Luther Martin's Letter

On the Federal Convention of 1787.

THE GENUINE INFORMATION, DELIVERED TO THE LEGISLATURE OF THE STATE OF MARYLAND, RELATIVE TO THE PROCEEDINGS OF THE GENERAL CONVENTION, HELD AT PHILADELPHIA, IN 1787, BY LUTHER MARTIN, ESQ., ATTORNEY-GENERAL OF MARYLAND, AND ONE OF THE DELEGATES IS THE SAID CONVENTION.

To the Hon. THOMAS COCKEY DEYE, Speaker of the House of Delegates of Maryland.

A committee of one member from each state was chosen by ballot, to take this part of the system under their consideration, and to endeavor to agree upon some report which should reconcile those states. To this committee also was referred the following proposition, which had been reported by the committee of detail, viz..: "No navigation act shall be passed without the assent of two thirds of the members present in each house" —a proposition which the staple and commercial states were solicitous to retain, lest their commerce should be placed too much under the power of the Eastern States, but which these last states were as anxious to reject. This committee —of which also I had the honor to be a member—met, and took under their consideration the subjects committed to them. I found the Eastern States, notwithstanding their aversion to slavery, were very willing to indulge the Southern States at least with a temporary liberty to prosecute the slave trade, provided the Southern States would, in their turn, gratify them; by laying no restriction on navigation acts; and after a very little time, the committee, by a great majority, agreed on a report, by which the general government was to be prohibited from preventing the importation of slaves for a limited time, and the restrictive clause relative to navigation acts was to be omitted.

Jonathan Elliot, Debates on the Adoption of the Federal Constitution, Vol. 1, p.373

This report was adopted by a majority of the Convention, but not without considerable opposition. It was said that we had just assumed a place among independent nations, in consequence of our opposition to the attempts of Great Britain to enslave us; that this opposition was grounded upon the preservation of those rights to which God and nature had entitled us, not in particular, but in common with the rest of all mankind—that we had appealed to the Supreme Being for his assistance, as the God of freedom, who could not but approve our efforts to preserve the rights which he had thus imparted to his creatures—that now, when we scarcely had risen from our knees, from supplicating his aid and protection, in forming our government over a free people, — a government formed pretendedly on the principles of liberty, and for its preservation,— in that government to have a provision not only putting it out of its power to restrain and prevent the slave trade, but even encouraging shut most [p.374] infamous traffic, by giving the states power and influence in the Union in proportion as they cruelly and wantonly sport with the rights of their fellow-creatures, ought to be considered as a solemn mockery of, and insult to, that God whose protection we had then implored; and could not fail to hold us up in detestation, and render us contemptible to every true friend of liberty in the world.
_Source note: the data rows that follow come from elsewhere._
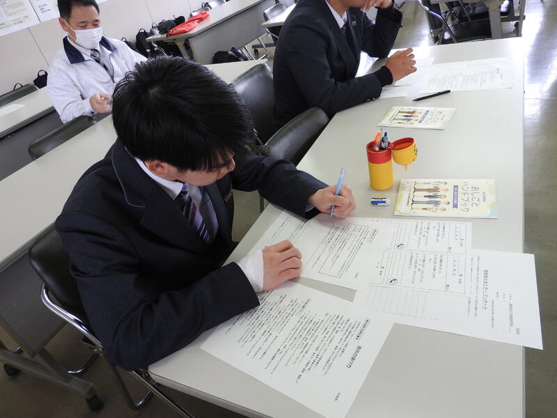 先輩方からいただいた受験体験記を読み、気づきをワークシートにまとめました。今回は関西外国語大学、九州中央リハビリテーション学院看護学科に進学する先輩、JASM株式会社(製造職)、横場工業(事務職)に就職する先輩の体験記を読みました。受験合格に向けた取組や学校生活の過ごし方を知るとともに、応募前職場見学や受験制度について知る機会にもなりました。個人的には「自分の進路は自分が行けそうなところではなく、自分が行きたいところを目指してほしい」という文言が印象に残りました。
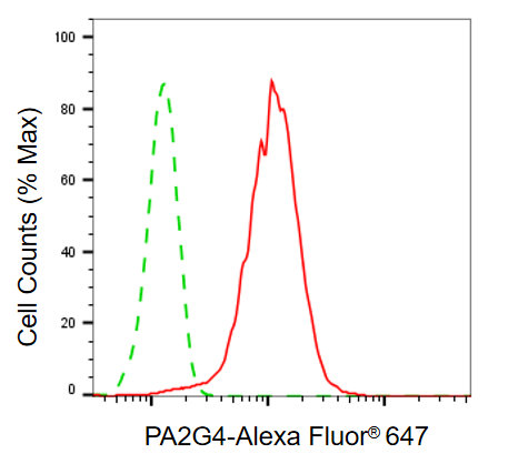 Flow cytometric analysis of PA2G4 expression in HepG2 cells using PA2G4 antibody. Green, isotype control; red, PA2G4.
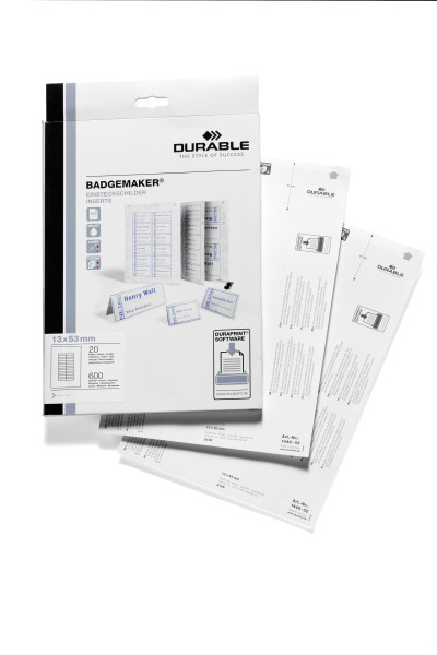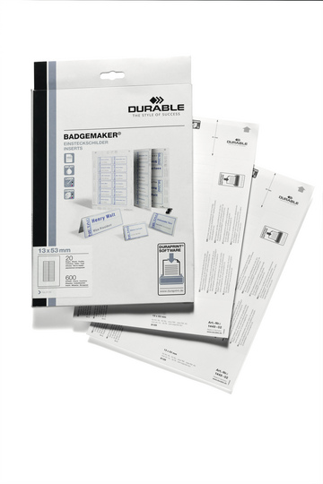 Durab;e Name Badge Insert 13 x 53mm 144902. Pack of 600 Inserts.30 Sheets 20 Inserts per sheet
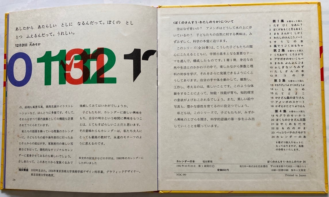 数字とページごとに行事の内容をならべ、その行事にちなんだ数字を絡めるというグラフィック。 1982年 初版 岩波書店
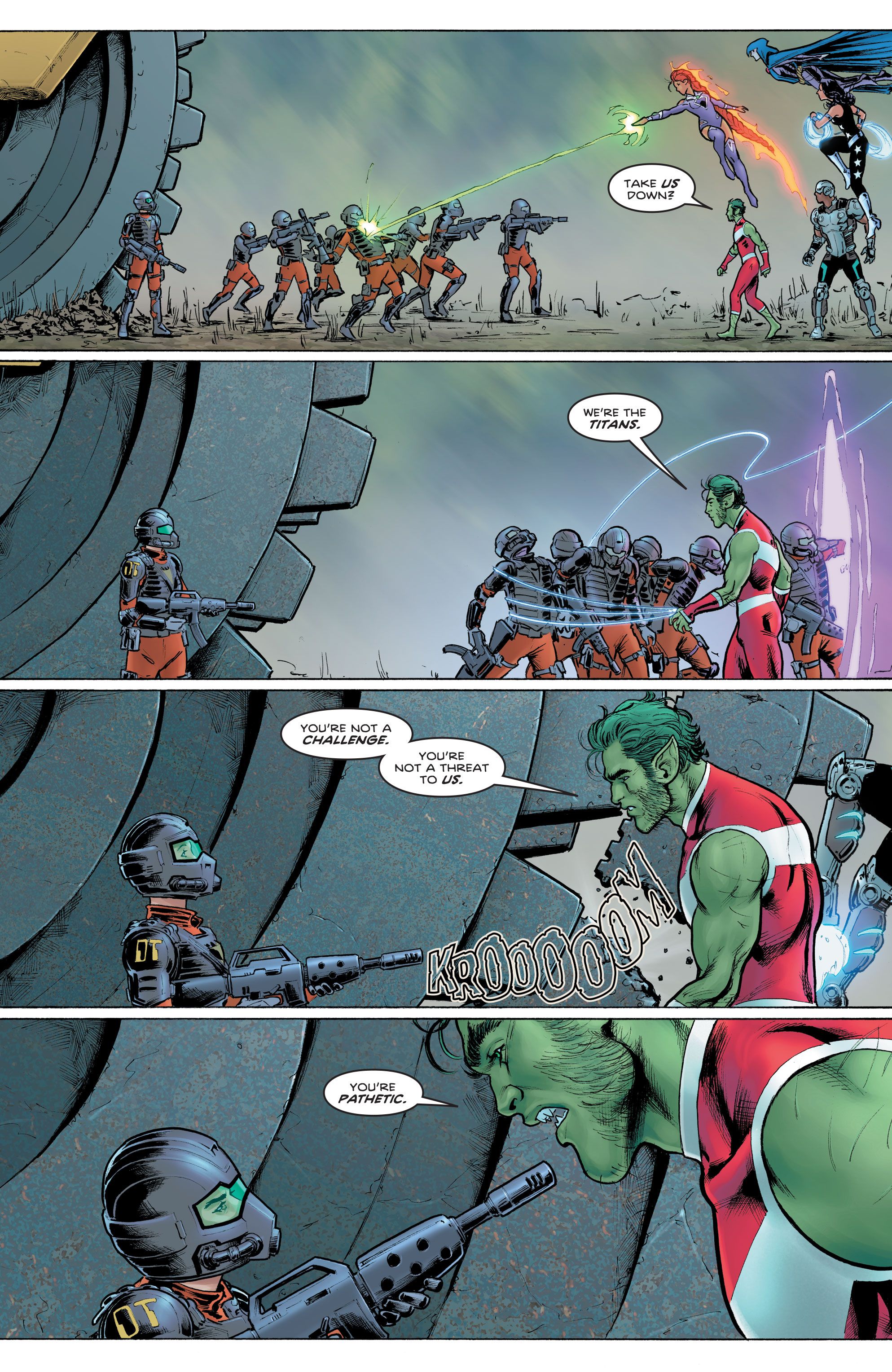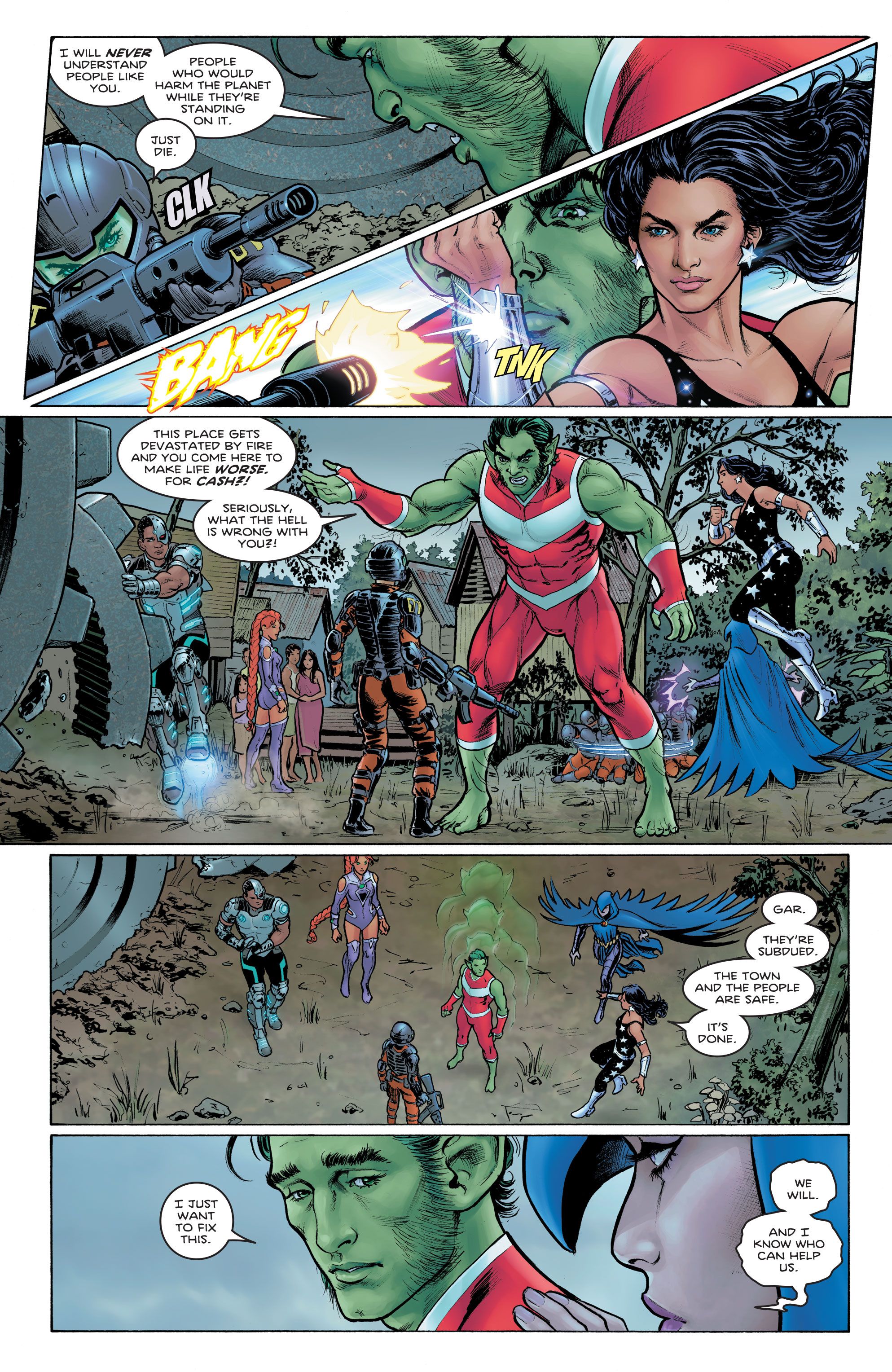 En una vista previa de Tom Taylor, Nicola Scott, Annette Kwok y Wes Abbott Titanes #5, los Titanes trabajan para proteger a los inocentes en Borneo que han sido atacados por los mercenarios del Equipo de Demolición. Enfrentando a los villanos, Chico Bestia crece hasta alcanzar una altura imponentey necesita ser disuadido por Donna Troy, tal como Cyborg tuvo que contenerlo previamente cuando pensó que había encontrado a los perpetradores que habían incendiado un tramo de selva tropical.
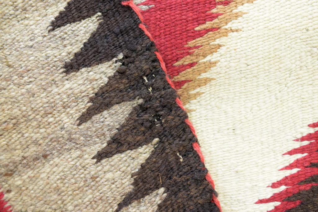 Navajo hand woven rug. Eye dazzler style in gray, brown, red and black. 69.5" x 40.5".
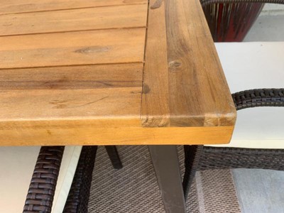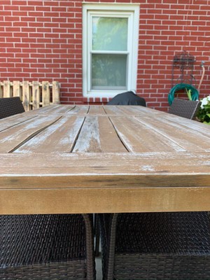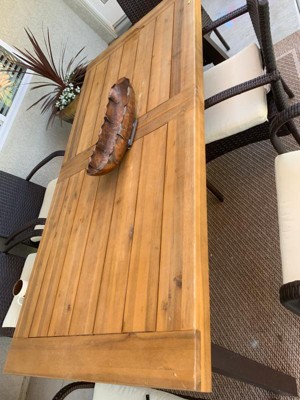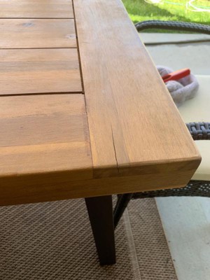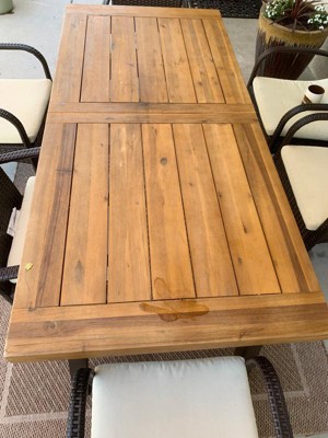 The table is beautiful and very well made. We have had every meal outside since it arrived. The only drawback is that the chairs on the ends don’t fit under the table. I wish they had made it 2 inches wider so all chairs could push under. We have only had it a week, but we love it.
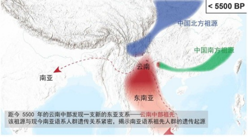 本研究的第二项重要发现是证实了云南可能是南亚语系族群早期分布的核心区域之一。以佤族、布朗族等主要分布于中国西南、华南以及印度东北部、东南亚(如越南、柬埔寨、老挝等地部分民族)的南亚语系族群起源及扩散问题长期众讼不决,尤其是其起源地、扩散时间、扩散路径等问题争议很大。目前主流假设源于语言学模型,缺乏直接遗传学证据。本研究通过古人基因组捕获、测定、分析,在云南中部距今5500至1400年古人群中识别出一种新的独特东亚祖源,研究团队将其命名为“云南中部祖先人群”(Central Yunnan Ancestry),分析表明这一祖源与当今南亚语系人群密切相关,否定了既往认为的南亚语系族群印度或东南亚起源说,提出了重新审视南亚语系族群形成、传播模式等一系列问题。
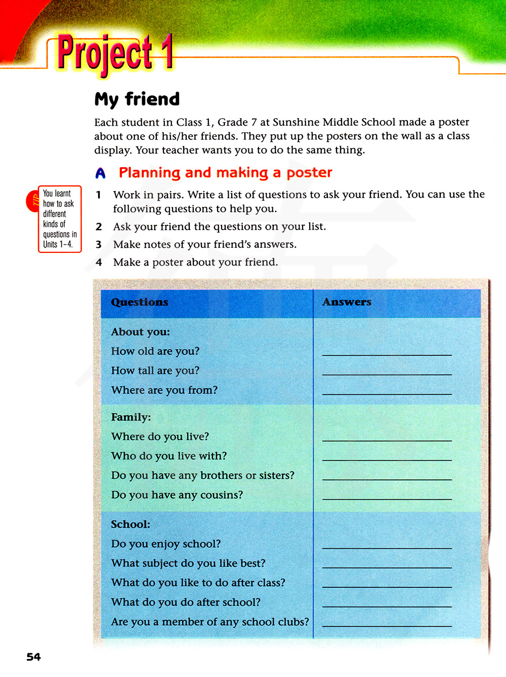 小贴士 在1—4单元你学习了如何问不同种类的问题。
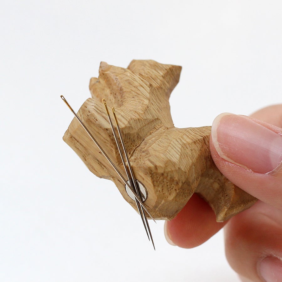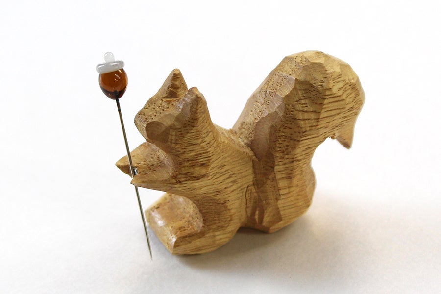 木彫りのリスの針やすめです。CohanaのCoとリスを組み合わせ、コリス。Coの「いっしょに」という意味もふまえて、お裁縫時間の良いおともとなるように、想いを込めてコリスと名付けました。
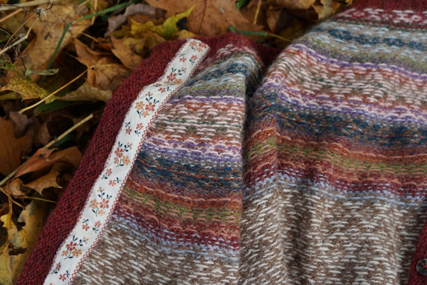 Once I did the steek, I picked up and knit the button bands on either side using garter stitch and one-stitch button holes. This went so quickly! I got slowed down by the bind-off because nothing was stretchy enough and kept making it really puckered. I think I tried four different times. I don’t even remember what method I ultimately used that worked, but I’m happy with it in the end. I sewed the buttons on with sewing thread, because I didn’t have any needles that were simultaneously big enough to fit the yarn through the eye but small enough to fit through the holes in the buttons. I got these horn buttons from Fia Fia. They really fit my vision! In my best friend’s house growing up, there was a cardigan very similar to this one that hung on the back of an office chair in their basement. I never saw anyone wear it, but I was really inspired by it when making this one in terms of colours and the buttons. As you can see below, the raw edge of the steek gets enclosed with a cute ribbon! I got this ribbon on Etsy, and found it by searching for “steeking ribbon”. It’s a woven ribbon with a floral motif, and I hand-sewed it in place on each side of the opening. Having that there and not being able to see the raw edges of where I cut the knitting has really helped me feel more confident that my cardigan isn’t going to suddenly unravel without warning, even though the ribbon isn’t actually doing anything structural to prevent that.
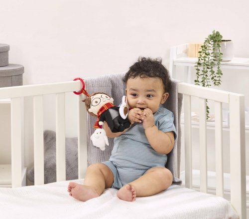 Plyšový kamarád s kousátkem a chrastítkem a pískající sovou! Je čas na kouzelná dobrodružství s Harrym Potterem! Tato zábavná závěsná hračka byla navržena tak, aby stimulovala smysly dítěte a podporovala hru v raném vývoji. Plyšový Harry Potter s kousátkem ve tvaru hvězdy má své typické kulaté brýle a jizvu po blesku, je oblečen do bradavické róby a na krku má barevný nebelvírský šátek. Harryho doprovází také jeho věrné koště Kulový blesk, které vydává jemný chrastivý zvuk, a jeho věrná společnice sova Hedvika, která při stisknutí píská. Hračku je snadné připevnit na kočárek, postýlku nebo autosedačku. Je proto ideální nejen na doma, ale i pro kouzelné chvíle na cestách. Je skvělým dárkem pro nejmladší čarodějnice a čaroděje. Hlavní vlastnosti:•hvězdné kousátko, chrastící koště Kulový blesk, pískající sova Hedvika, plyšový Harry Potter v dokonalém designu•vhodné od narození•skvělý dárek pro malé fanoušky kouzelného světa Harryho Pottera•napomáhá k rozvíjení smyslů•měkký plyš, kvalitní materiál•perfektní jako dárek•slouží k zavěšení na kočárek, postýlku nebo autosedačku
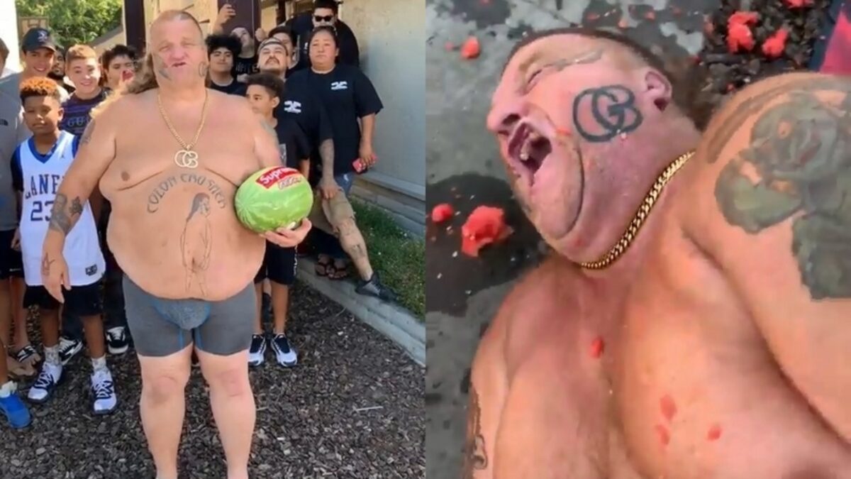 Internetheld Debiel Gucci Berry maakt een fruitsalade met zijn balzak, die hij na vandaag helemaal nooit meer krijgt te zien.
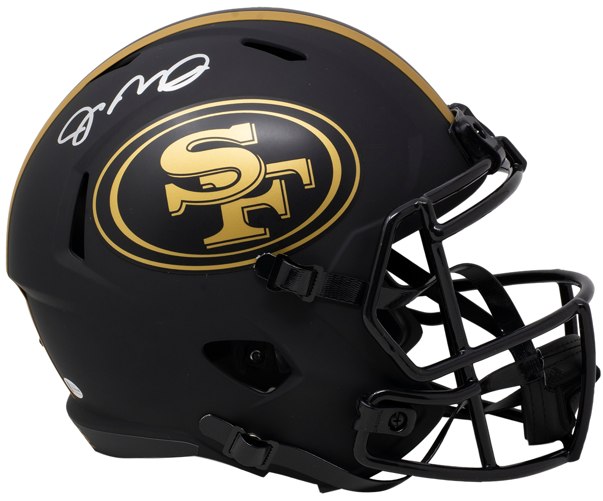 Riddell San Francisco 49ers full-size eclipse alternate speed replica helmet has been hand-signed by Joe Montana (HOF).

It was said, it ought to be considered, that national crimes can only be, and frequently are, punished in this world by national punishments; and that the continuance of the slave trade, and thus giving it a national sanction and encouragement, ought to be considered as justly exposing us to the displeasure and vengeance of Him who is equally Lord of all, and who views with equal eye the poor African slave and his American master.